One of the greatest ways to save time in SOLIDWORKS is to create and manage a design library of features. Let’s say there’s a cut extrude you need to use over and over again on different models. This cut extrude can be saved as a “design library feature” and stored in a library so that it can be easily accessed and applied again in future designs.
A Simple Example
Let’s say we work for a company that designs guitar amplifiers.
Figure 1. Let’s say we work for a company that designs guitar amps.
Each guitar amp is a little different, but they all have one thing in common: they all need power. A typical power supply for these amps comes in the form of a 3-prong power port on the back of the amp, as shown in Figure 2.
Figure 2. A typical power port found on the back of an amp.
The power port shown in Figure 2 will require a rectangular cutout, some fillets on the corners, and two holes for the mounting screws.
Figure 3. The back of our amp which does not yet have the required features for the power port.

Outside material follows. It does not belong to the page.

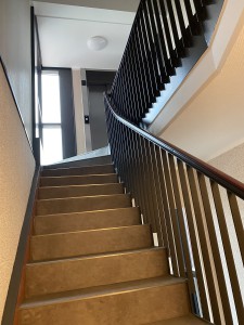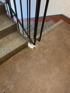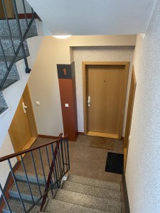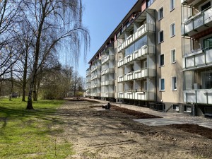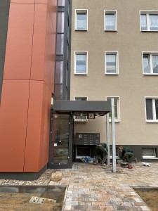 Nach dem Aufzugsanbau und der erfolgten Aufstockung wurden die Treppenhäuser malermäßig instand gesetzt. Im neuen Hauseingangsbereich wurden Fliesen im Bodenbereich verlegt. Die Wände erhielten Wandschutz. Vor dem Eingang erfolgt der Einbau von Fahrradständern. Die Außenanlagen wurden nach Abschluss der Arbeiten komplett wieder hergerichtet. Es erfolgte die Herstellung von neuen Zuwegungen zu den Hauseingängen und angrenzenden Pflanzflächen. Hierbei wurde das Gelände höhenmäßig so angepasst, dass die Aufzüge barrierefrei erreichbar sind. In den Giebelbereichen des Hauses erfolgte die Aufstellung von einer Fahrradgarage für jeweils 24 Fahrräder. Gleichzeitig wurden eine neue Feuerwehrzufahrt sowie Leiteraufstellflächen auf der Balkonseite hergestellt.
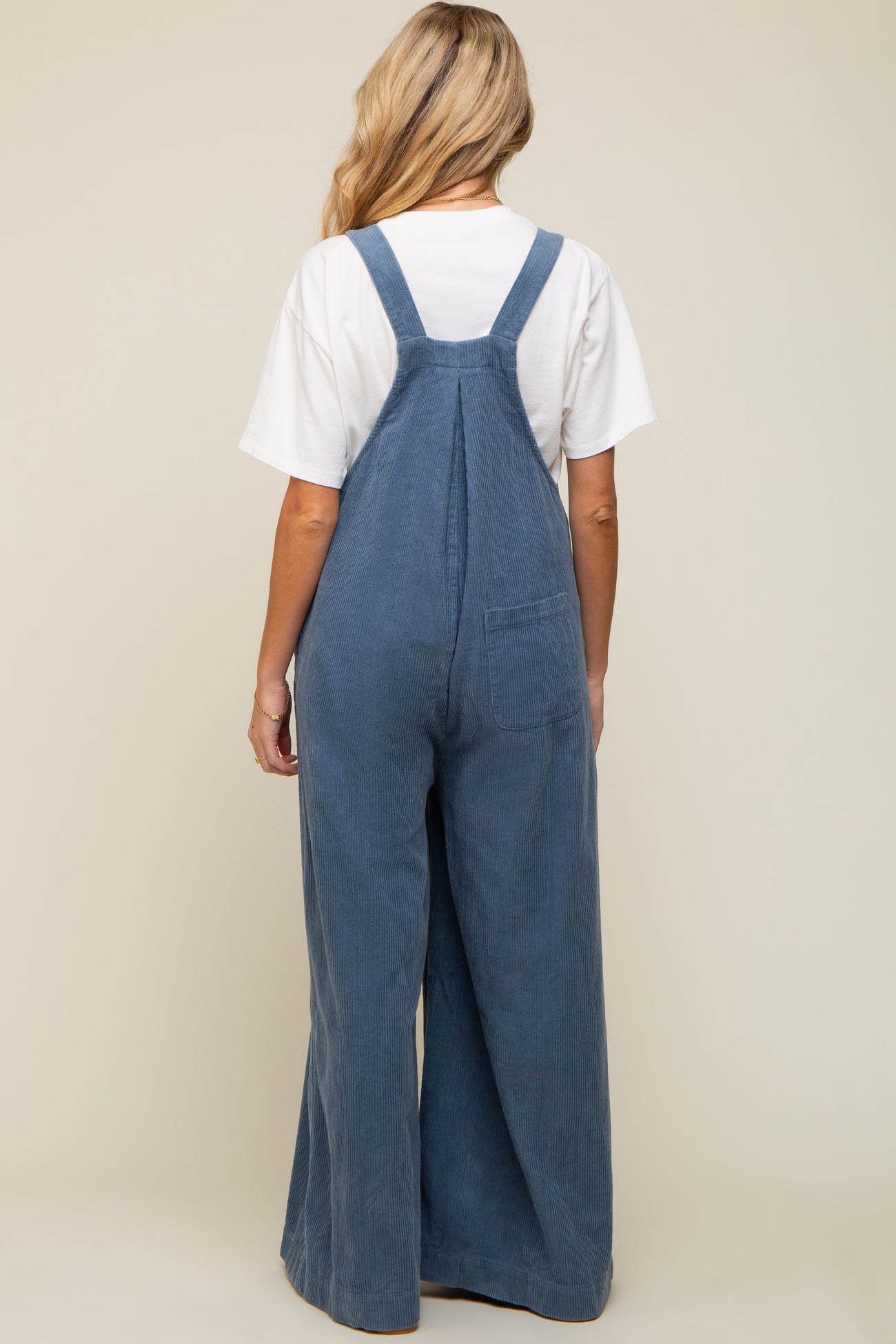 Blue Corduroy Front Pleated Wide Leg Maternity Overalls

When we examine the back of our amp and we see that we do not yet have these features, we could begin a new sketch and cut extrude a rectangle, then add fillets in the corners, then add the two holes for the mounting screws. However, we would have to do this for every amp we design which would amount to a lot of repetitive work. This would be a great opportunity to use a design library feature.
A Design Library Feature
A SOLIDWORKS Design Library feature is a library element that consists of one or more features which can be dragged and dropped onto a new part. In the example below we have constructed a design library feature which consists of three features: a rectangular cut extrude, the corner fillets, and a cut extrude for the mounting holes.
Figure 4. The three features of our design library feature.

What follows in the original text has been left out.